__DIRECTIONS__
When you come to a picture, pass over it, and set down the entries below exactly.

Dataset records
↓

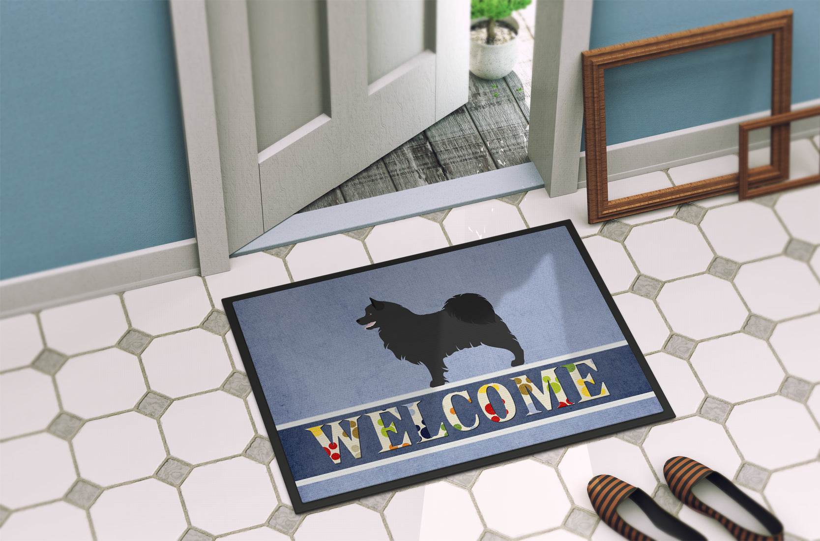 Decorate your space with our Swedish Lapphund artwork on a Doormat. Welcome your guests in style with our Artwork Door Mat, designed to withstand almost any weather condition. This mat, measuring approximately 18 by 27 inches, is held together by durable black binding tape. Its top layer, composed of polyester felt, is dyed with the eye-catching image you see on the mat. A few layers below provide the mat with stability, while its rubber bottom is stamped to help prevent slipping and ensures safety. Our mat works wonderfully as both an indoor or outdoor door mat. For cleaning, simply hose it off with water or use a power washer - no need for any cleaner that produces suds. Avoid scrubbing with a brush, instead, opt for the vacuum on floor setting. Designed manufactured and printed in the USA, this mat is a perfect addition to your porch, outdoor kitchen, entryway, or any indoor space. Its unique design makes it a charming decorative rug that greets your guests and adds a stylish touch to your home decor.
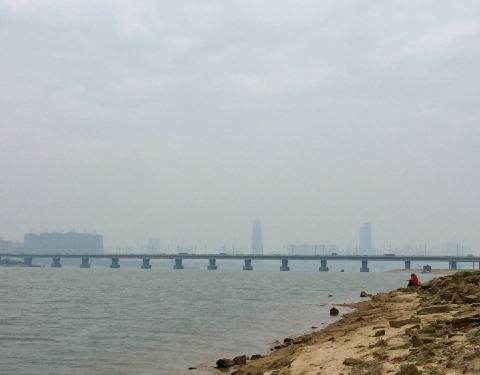 南昌的赣江市民公园是休闲的好去处,也叫傩文化广场,江边的步行道边还有很多诗词的雕刻。江边有很多人钓鱼,赣江中的水很清,在流经城市的河流中这是我见过的最清的河水。
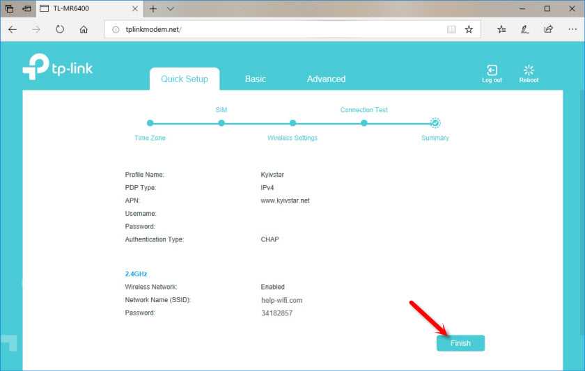 - Завершить конфигурацию параметров и проверить интернет-соединение.
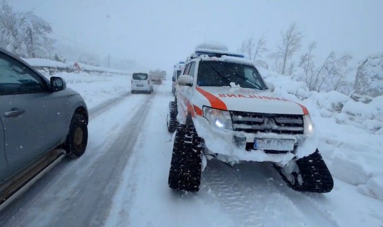 Hakkari ve ilçelerinde etkili olan kar yağışı hayatı olumsuz etkilerken, yağış nedeniyle kent genelinde 100 köy ve mezra yolu ulaşıma kapandı. İl Özel İdaresi karla mücadele ekipleri, köy yollarını açma çalışması sürdürürken yolu kapalı olan yerleşim yerlerinde de hastalanan vatandaşlar paletli ambulanslarla hastaneye ulaştırılıyor. Yüksekova ilçesine 27 kilometre mesafede bulunan Sarıtaş köyüne bağlı Yeşimli mezrasında ikamet eden 9 yaşındaki Taha Yasin Kaplan, astım nedeniyle nefes darlığı yaşamaya başladı. Kaplan’ın ailesi 112 Acil Çağrı Merkezi’ni arayıp ambulans talep etti.
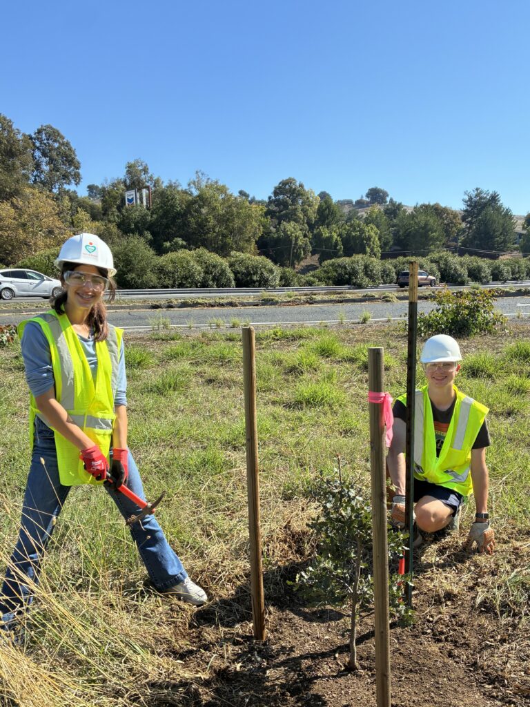 Key club volunteers stand by freshly mulched Valley oak tree sapling.
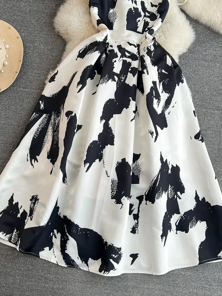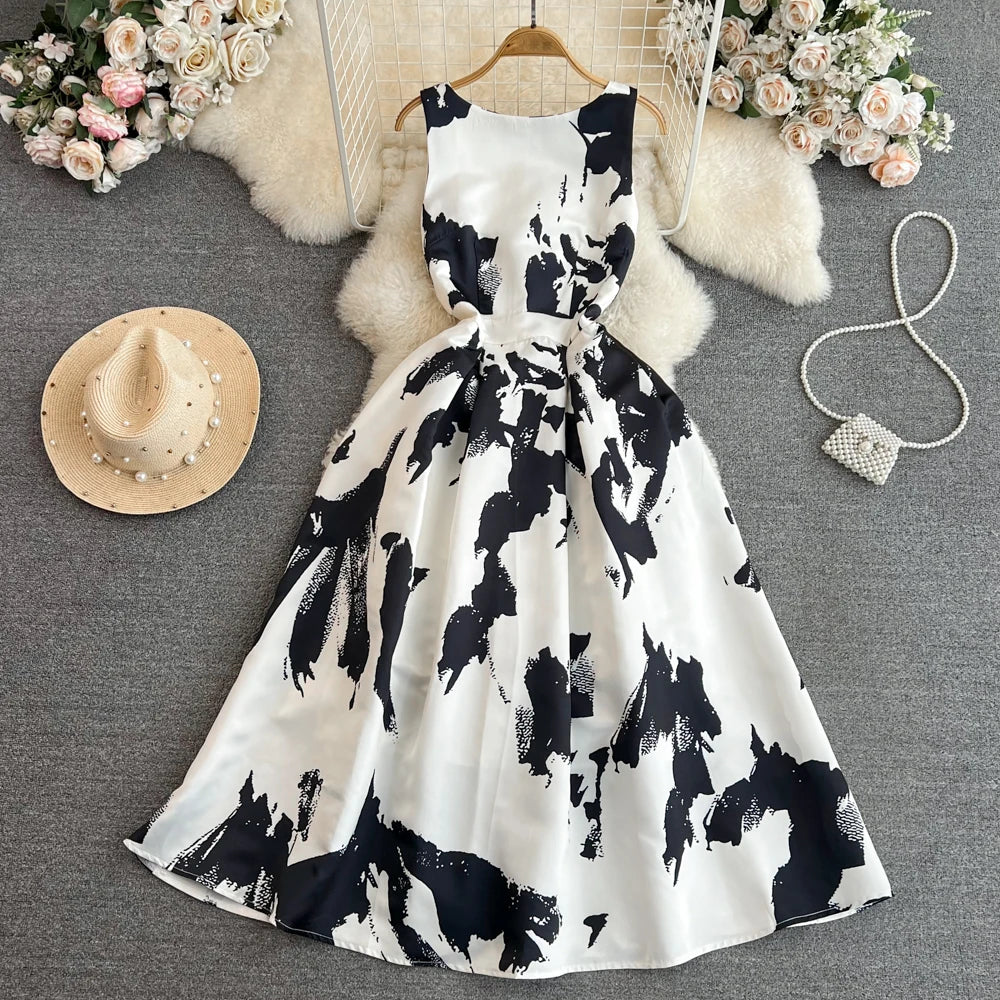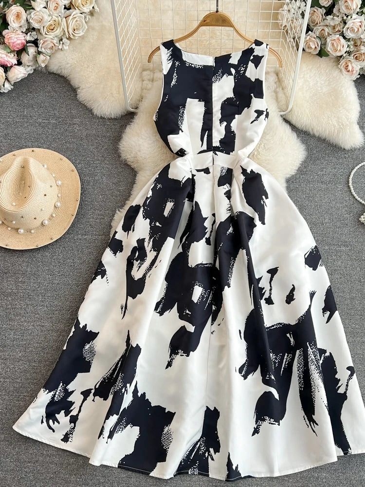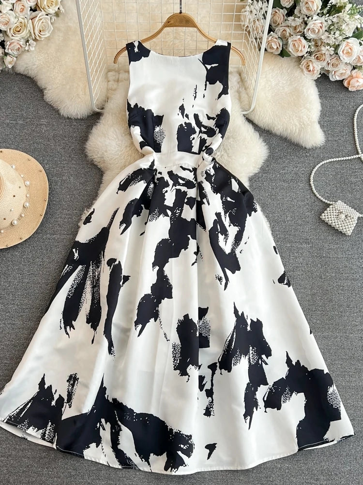 The Sussie dress blends elegance and practicality in a chic A-line silhouette with short sleeves, ideal for versatile styling. Its round neck and high waist offer a refined look tailored for the 18-24 age group. The distinctive watercolor print enhances its unique appeal, while built-in pockets and an internal lining add thoughtful functionality. Made from premium materials, this dress ensures lasting comfort and sophistication, making it perfect for summer occasions.
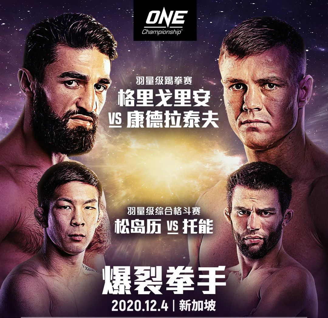 羽量级排名第三的“天赐之子”松岛历对战排名第五的缠斗系高手“狮子杀手”加里-托能。前者有着12胜4负的职业战绩,并在2019年8月挑战了羽量级当时的世界冠军阮马丁。自从输掉金腰带挑战赛之后,松岛历不断磨练自己,希望再次冲击金腰带。
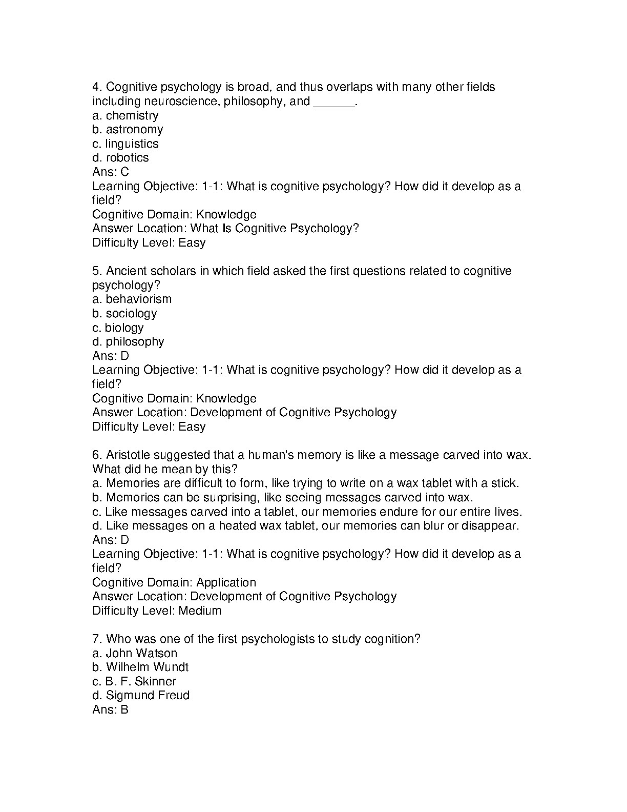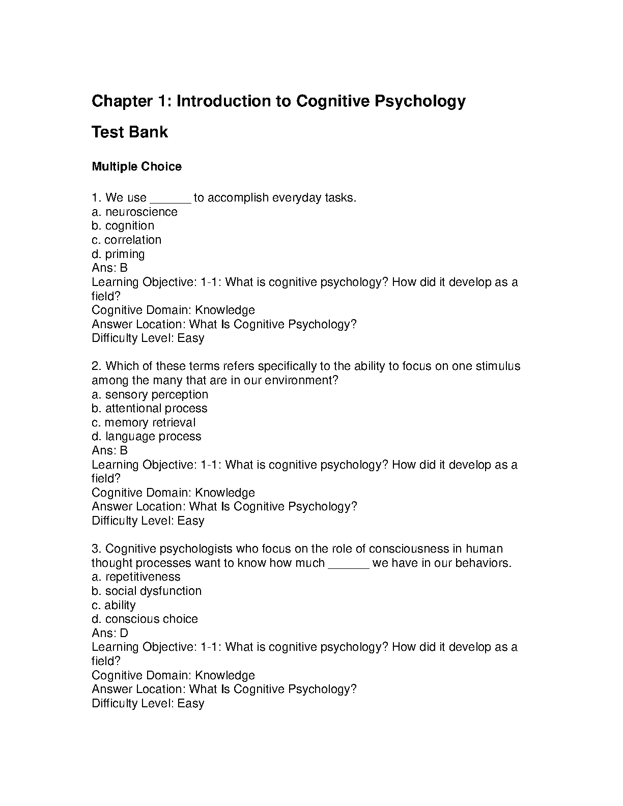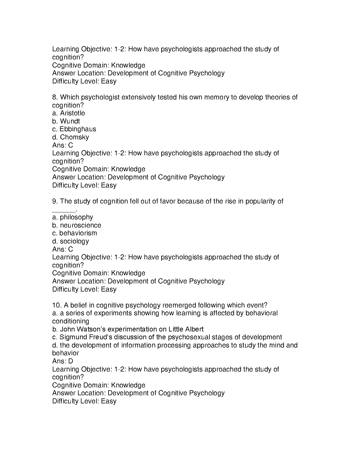Cognitive Psychology Test Bank: Introduction to Cognitive Psychology by E. Bruce Goldstein, Edition 10
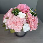 Hydrangea - 1 pcs garden rose - 6 pcs gardenia - 1 pcs mixed greens - 8 pcs roses pink - 7 pcs
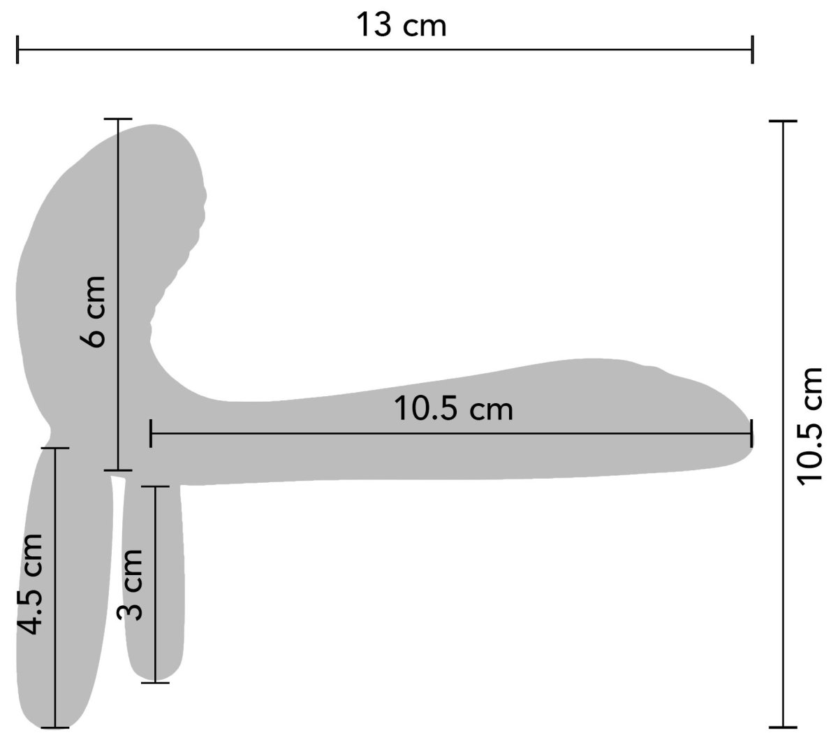 - Rozměry: celková délka 13 cm, zasunutelná délka 10,5 cm, max. průměr 2,9 cm, délka výstupku na klitoris 4,5 cm, vnitřní průměr kroužků 3 a 4 cm (velmi elastické)

↑

__REPLY TO THE EXERCISE__
 Decorate your space with our Swedish Lapphund artwork on a Doormat. Welcome your guests in style with our Artwork Door Mat, designed to withstand almost any weather condition. This mat, measuring approximately 18 by 27 inches, is held together by durable black binding tape. Its top layer, composed of polyester felt, is dyed with the eye-catching image you see on the mat. A few layers below provide the mat with stability, while its rubber bottom is stamped to help prevent slipping and ensures safety. Our mat works wonderfully as both an indoor or outdoor door mat. For cleaning, simply hose it off with water or use a power washer - no need for any cleaner that produces suds. Avoid scrubbing with a brush, instead, opt for the vacuum on floor setting. Designed manufactured and printed in the USA, this mat is a perfect addition to your porch, outdoor kitchen, entryway, or any indoor space. Its unique design makes it a charming decorative rug that greets your guests and adds a stylish touch to your home decor.
 南昌的赣江市民公园是休闲的好去处,也叫傩文化广场,江边的步行道边还有很多诗词的雕刻。江边有很多人钓鱼,赣江中的水很清,在流经城市的河流中这是我见过的最清的河水。
 - Завершить конфигурацию параметров и проверить интернет-соединение.
 Hakkari ve ilçelerinde etkili olan kar yağışı hayatı olumsuz etkilerken, yağış nedeniyle kent genelinde 100 köy ve mezra yolu ulaşıma kapandı. İl Özel İdaresi karla mücadele ekipleri, köy yollarını açma çalışması sürdürürken yolu kapalı olan yerleşim yerlerinde de hastalanan vatandaşlar paletli ambulanslarla hastaneye ulaştırılıyor. Yüksekova ilçesine 27 kilometre mesafede bulunan Sarıtaş köyüne bağlı Yeşimli mezrasında ikamet eden 9 yaşındaki Taha Yasin Kaplan, astım nedeniyle nefes darlığı yaşamaya başladı. Kaplan’ın ailesi 112 Acil Çağrı Merkezi’ni arayıp ambulans talep etti.
 Key club volunteers stand by freshly mulched Valley oak tree sapling.
 The Sussie dress blends elegance and practicality in a chic A-line silhouette with short sleeves, ideal for versatile styling. Its round neck and high waist offer a refined look tailored for the 18-24 age group. The distinctive watercolor print enhances its unique appeal, while built-in pockets and an internal lining add thoughtful functionality. Made from premium materials, this dress ensures lasting comfort and sophistication, making it perfect for summer occasions.
 羽量级排名第三的“天赐之子”松岛历对战排名第五的缠斗系高手“狮子杀手”加里-托能。前者有着12胜4负的职业战绩,并在2019年8月挑战了羽量级当时的世界冠军阮马丁。自从输掉金腰带挑战赛之后,松岛历不断磨练自己,希望再次冲击金腰带。
Cognitive Psychology Test Bank: Introduction to Cognitive Psychology by E. Bruce Goldstein, Edition 10
 Hydrangea - 1 pcs garden rose - 6 pcs gardenia - 1 pcs mixed greens - 8 pcs roses pink - 7 pcs
 - Rozměry: celková délka 13 cm, zasunutelná délka 10,5 cm, max. průměr 2,9 cm, délka výstupku na klitoris 4,5 cm, vnitřní průměr kroužků 3 a 4 cm (velmi elastické)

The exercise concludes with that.